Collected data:
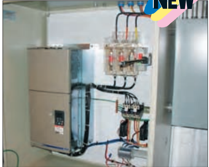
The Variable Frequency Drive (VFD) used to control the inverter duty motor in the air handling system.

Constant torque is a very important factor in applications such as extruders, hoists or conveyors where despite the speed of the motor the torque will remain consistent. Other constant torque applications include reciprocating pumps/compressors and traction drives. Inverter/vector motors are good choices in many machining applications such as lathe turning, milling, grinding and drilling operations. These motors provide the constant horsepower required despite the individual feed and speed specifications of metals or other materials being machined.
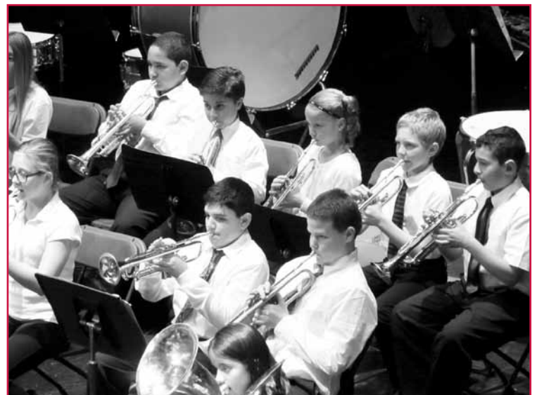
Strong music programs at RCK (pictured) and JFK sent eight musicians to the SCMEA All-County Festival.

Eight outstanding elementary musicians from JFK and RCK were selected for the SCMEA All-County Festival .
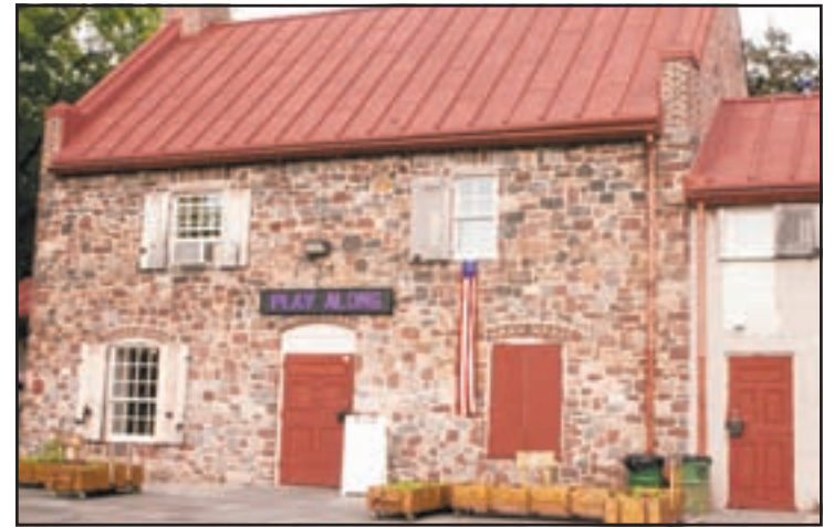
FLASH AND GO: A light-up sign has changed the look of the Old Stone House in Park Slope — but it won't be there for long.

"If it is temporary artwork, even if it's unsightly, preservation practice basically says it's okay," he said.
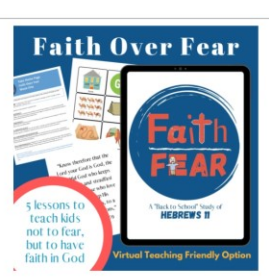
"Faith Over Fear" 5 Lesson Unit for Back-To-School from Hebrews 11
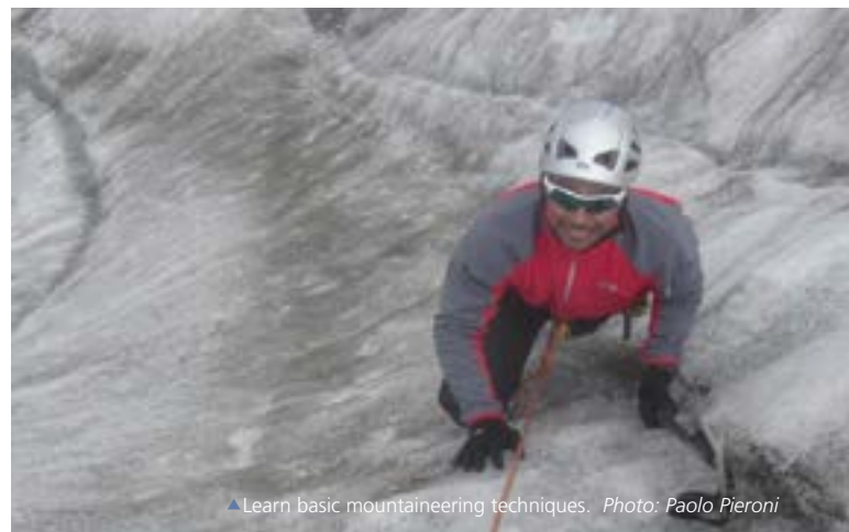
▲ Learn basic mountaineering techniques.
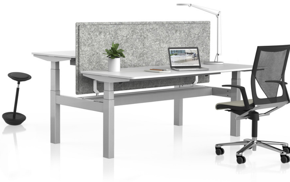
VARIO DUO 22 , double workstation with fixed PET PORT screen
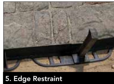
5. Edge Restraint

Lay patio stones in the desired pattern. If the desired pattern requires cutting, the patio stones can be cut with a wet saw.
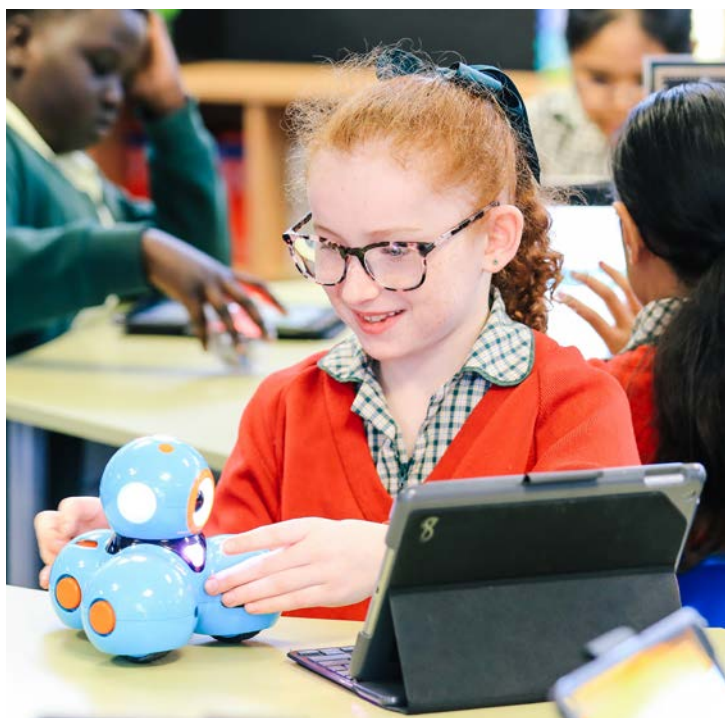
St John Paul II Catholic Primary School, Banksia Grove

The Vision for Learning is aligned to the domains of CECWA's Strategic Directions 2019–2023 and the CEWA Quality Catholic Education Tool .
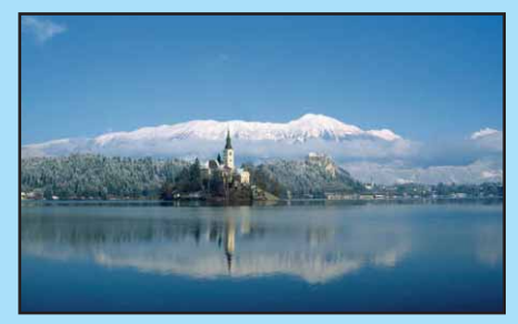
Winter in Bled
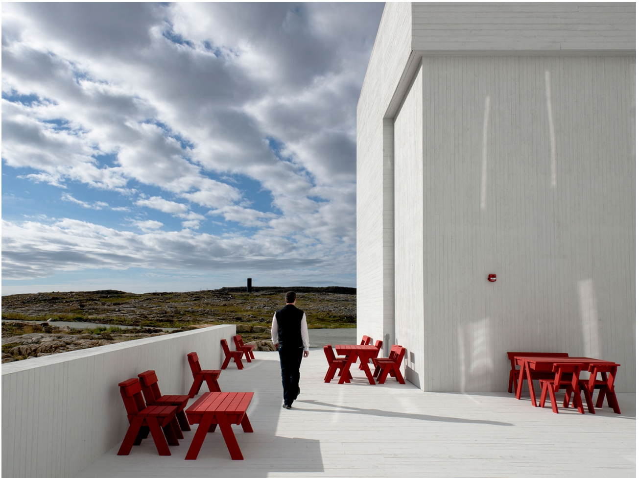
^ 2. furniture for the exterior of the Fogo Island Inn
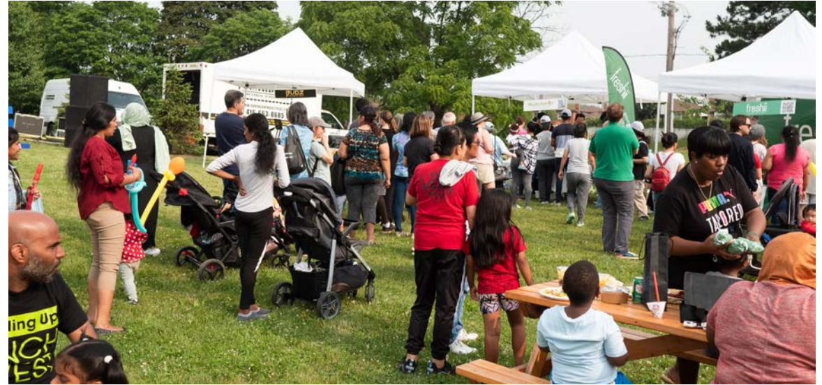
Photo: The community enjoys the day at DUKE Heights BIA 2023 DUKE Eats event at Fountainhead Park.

• Exercise details: Lines from the one above containing "Strong music programs" down to the one containing "basic mountaineering techniques." should be transcribed exactly, with both ends kept and no pictures.

• Answer to the problem:
Strong music programs at RCK (pictured) and JFK sent eight musicians to the SCMEA All-County Festival.

Eight outstanding elementary musicians from JFK and RCK were selected for the SCMEA All-County Festival .
FLASH AND GO: A light-up sign has changed the look of the Old Stone House in Park Slope — but it won't be there for long.

"If it is temporary artwork, even if it's unsightly, preservation practice basically says it's okay," he said.
"Faith Over Fear" 5 Lesson Unit for Back-To-School from Hebrews 11
▲ Learn basic mountaineering techniques.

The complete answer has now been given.